Table 1 Demographics of adenocarcinoma patients and squamous cell carcinoma patients. Data are expressed as mean ± standard deviation for age and BMI.

Full size table

The classification performance of lung cancer subtypes with resampling only

The minority class (SCC) samples account for about 28% in approach 1. We resampled the SCC samples and made the class ratio of AC (n = 175) to SCC (n = 172) to be almost equal in the training set by using borderlin2-SMOTE in approach 2. The class distribution of the training data, before and after resampling, was shown in Fig. 3. As can be seen in the PCA scatter plot (Fig. 3), the data in the SCC class was noticeably increased after resampling, but not yet for classification trends between SCC and AC patients. Thus supervised classifiers were utilized to get better classification performance.

The performance of five different supervised classifiers in approach 1 and the average±standard deviation (SD) in approach 2 were presented after parameter optimization (Table 2). The results in Table 2 indicated that the sensitivity and specificity of models were relatively balanced after resampling, and not like that in approach 1 with very high sensitivity but poor specificity. High sensitivity meant the more AC samples were correctly classified, while poor specificity (Specificity = 0) represented the SCC samples were completely misclassified. The AUC and G-mean values of models were shown in Fig. 4, what can be seen is that the overall performance of classifiers has been significantly improved when the training set was balanced with resampling (except for MLP). The poor specificity caused the bad G-mean result of KNN and SVM in approach 1. Figure 4 presented that the KNN classifier obtained the optimal result with the AUC (0.58, SD = 0.01) and G-mean (55.70, SD = 3.04) after resampling. Moreover, the classification performance of KNN classifier got significant promotion after resampling in approach 2 compared with the case in approach 1. The reason can be explained by the introduction of synthesized data, which would be useful to build the feature space in the view of Euclidean distance.

Table 2 The parameter setting, sensitivity, and specificity of five classifiers in approach 1 and approach 2. Abbreviations: Sensitivity and specificity in approach 2 are expressed as mean ± standard deviation.

Full size table

The classification performance of lung cancer subtypes with dimensionality reduction

Given the redundant information that might make the classification results of SCC and AC unsatisfied in breathomics data, the feature dimension reduction methods, namely PCA and SVM-RFE, were adopted to retain relevant information and deduct irrelevant information. For each feature reduction method, we incrementally selected 5–50 features with five steps according to the importance of ranking as input data to classifiers. Figure 5 showed the classification performance of five classifiers in lung cancer subtypes on the testing set. The heat map in Fig. 5(a) showed that PCA-PLS-DA had the best performance (AUC = 0.62) when the number of breathomics features selected was 45. SVM-RFE-PLS-DA (AUC = 0.60), SVM-RFE-MLP (AUC = 0.60), got the same results, which indicated the importance of features in the phase of model training. Figure 5(b) showed that PCA-RF achieved the best G-mean (52.13) among 100 classification models, while its AUC value (0.58) was not the highest. SVM classifier obtained the worst classification performance both in AUC and G-mean. We guessed that the classification hyperplane interface had more AC samples resulting in the lousy specificity in the SVM classifier. Although PCA-PLS-DA had a better AUC value, G-mean (39.36) was not an ideal result for the classification of AC and SCC patients. Thus, the G-mean needed to be improved for better prediction performance in the classification model.

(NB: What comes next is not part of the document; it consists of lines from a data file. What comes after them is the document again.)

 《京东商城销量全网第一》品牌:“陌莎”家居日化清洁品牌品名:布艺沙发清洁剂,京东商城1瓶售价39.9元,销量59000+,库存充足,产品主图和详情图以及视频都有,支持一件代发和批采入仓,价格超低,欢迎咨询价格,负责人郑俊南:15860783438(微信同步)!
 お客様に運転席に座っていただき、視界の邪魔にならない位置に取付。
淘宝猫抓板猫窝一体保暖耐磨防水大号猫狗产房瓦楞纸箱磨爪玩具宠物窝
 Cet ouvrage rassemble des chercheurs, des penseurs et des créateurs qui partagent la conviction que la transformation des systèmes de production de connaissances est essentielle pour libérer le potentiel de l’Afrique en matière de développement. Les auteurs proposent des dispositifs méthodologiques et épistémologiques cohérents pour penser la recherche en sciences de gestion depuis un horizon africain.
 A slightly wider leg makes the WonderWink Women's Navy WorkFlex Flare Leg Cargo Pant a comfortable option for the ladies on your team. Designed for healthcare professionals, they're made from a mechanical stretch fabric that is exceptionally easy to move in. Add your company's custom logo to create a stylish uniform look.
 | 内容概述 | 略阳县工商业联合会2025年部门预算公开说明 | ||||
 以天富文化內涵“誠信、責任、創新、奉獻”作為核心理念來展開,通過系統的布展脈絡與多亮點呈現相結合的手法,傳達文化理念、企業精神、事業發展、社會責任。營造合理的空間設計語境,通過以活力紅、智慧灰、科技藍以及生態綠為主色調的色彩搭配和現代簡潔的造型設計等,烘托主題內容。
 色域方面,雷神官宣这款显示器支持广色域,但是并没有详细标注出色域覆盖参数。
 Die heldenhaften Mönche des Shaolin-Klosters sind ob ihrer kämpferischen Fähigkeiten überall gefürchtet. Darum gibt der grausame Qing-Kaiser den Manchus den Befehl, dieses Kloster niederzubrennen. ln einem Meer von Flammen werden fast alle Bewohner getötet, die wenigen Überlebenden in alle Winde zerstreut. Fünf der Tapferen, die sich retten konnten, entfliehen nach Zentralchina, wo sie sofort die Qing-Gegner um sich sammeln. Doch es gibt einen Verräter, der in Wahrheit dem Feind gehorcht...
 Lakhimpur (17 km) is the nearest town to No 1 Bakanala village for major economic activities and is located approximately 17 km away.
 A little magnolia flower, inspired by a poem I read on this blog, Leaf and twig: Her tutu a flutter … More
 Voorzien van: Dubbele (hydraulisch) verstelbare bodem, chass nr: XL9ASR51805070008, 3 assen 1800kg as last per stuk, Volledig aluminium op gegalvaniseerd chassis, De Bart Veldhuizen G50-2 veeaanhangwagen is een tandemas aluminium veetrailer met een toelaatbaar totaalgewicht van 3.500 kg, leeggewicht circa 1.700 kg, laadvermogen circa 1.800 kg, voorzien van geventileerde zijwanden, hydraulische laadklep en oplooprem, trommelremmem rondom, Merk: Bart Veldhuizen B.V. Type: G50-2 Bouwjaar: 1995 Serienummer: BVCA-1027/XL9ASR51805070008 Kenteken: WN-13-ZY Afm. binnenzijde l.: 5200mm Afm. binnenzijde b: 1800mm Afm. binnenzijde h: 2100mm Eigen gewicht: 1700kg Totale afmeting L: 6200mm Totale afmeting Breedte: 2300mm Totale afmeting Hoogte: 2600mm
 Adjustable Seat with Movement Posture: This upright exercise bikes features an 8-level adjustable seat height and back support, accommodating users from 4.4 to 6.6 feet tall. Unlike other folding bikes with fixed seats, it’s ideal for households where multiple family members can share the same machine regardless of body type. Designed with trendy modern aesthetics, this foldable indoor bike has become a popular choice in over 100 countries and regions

The classification performance of lung cancer subtypes combined with resampling and dimensionality reduction

We further evaluated the performance of five classifiers in the classification of AC and SCC patients with borderline 2-SMOTE and feature reduction methods in approach 4. The average classification performance of three times in the 100 classification models based on the selected features was shown in Fig. 6. The result showed that PCA-KNN (AUC = 0.63, SD = 0.03) and SVM-RFE-KNN (G-mean = 58.50, SD = 1.79) had the highest predictive performance with 50 breathomics features and the KNN classifier was the least sensitive due to the tiny standard deviation in AUC and G-mean value. The PLS-DA based on the SVM-RFE method got the lowest average AUC (0.50) with 5 selected features. SVM, RF, and MLP got the similar result, and their AUC were increased slightly (average: 0.55; 0.53; 0.53) when compared to approach 1. Nevertheless, the specificity for all classifiers was improved from the original 0~35% to the range of 8~85% (Fig. S1), resulting in the increased G-mean value indirectly. The classification model paid more attention to the minority class (SCC) samples after resampling; thus its positive rate, namely sensitivity (Fig. S2) in the model, was decreased to some extent.

Discussion

In this breathomics-based classification task, we explored different supervised classifiers combined with borderline2-SMOTE and dimensionality reduction methods on the classification of AC and SCC with an unbalanced class of exhaled breath samples. The results of five supervised classifiers based on four data processing approaches were discussed. AUC and G-mean values were selected as critical indicators to evaluate the performance of classification models. The results in this study showed that the KNN classifier combining with borderline2-SMOTE and PCA and SVM-RFE feature reduction method obtained the best performance in distinguishing AC from SCC patients. Although the other four classifiers achieved the best AUC with feature reduction methods, they were worse than the KNN classifier. We found that combining feature reduction with borderline2-SMOTE improved the G-mean compared with the other three data processing approaches.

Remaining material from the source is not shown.